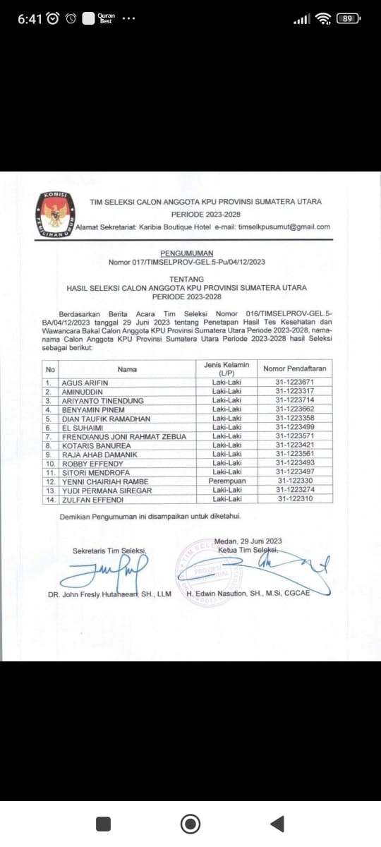 Ketentuan Pengajuan Bakal Calon Anggota DPRD Kota Pematangsiantar
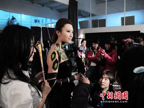 墨镜浓重彩妆亮相 露豹纹内衣继续雷人(图)
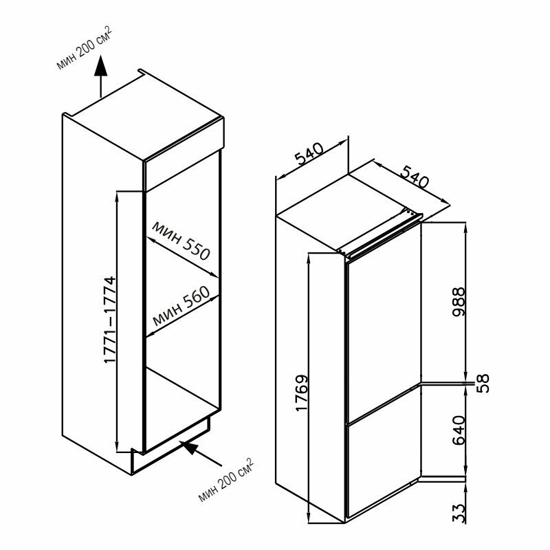 | Отзыв: | Без проблем встроили. Отличный, большой, благодаря инвенторному мотору работает практически неслышно. Разморозки не требует. Места хватает для закупки продуктов на две-три недели. Довольны своим выбором. |

PROBLEM STATEMENT – Reproduce the full listing verbatim so that only the pictures are missing.

ANSWER SPACE –
 Ketentuan Pengajuan Bakal Calon Anggota DPRD Kota Pematangsiantar
 墨镜浓重彩妆亮相 露豹纹内衣继续雷人(图)
 | Отзыв: | Без проблем встроили. Отличный, большой, благодаря инвенторному мотору работает практически неслышно. Разморозки не требует. Места хватает для закупки продуктов на две-три недели. Довольны своим выбором. |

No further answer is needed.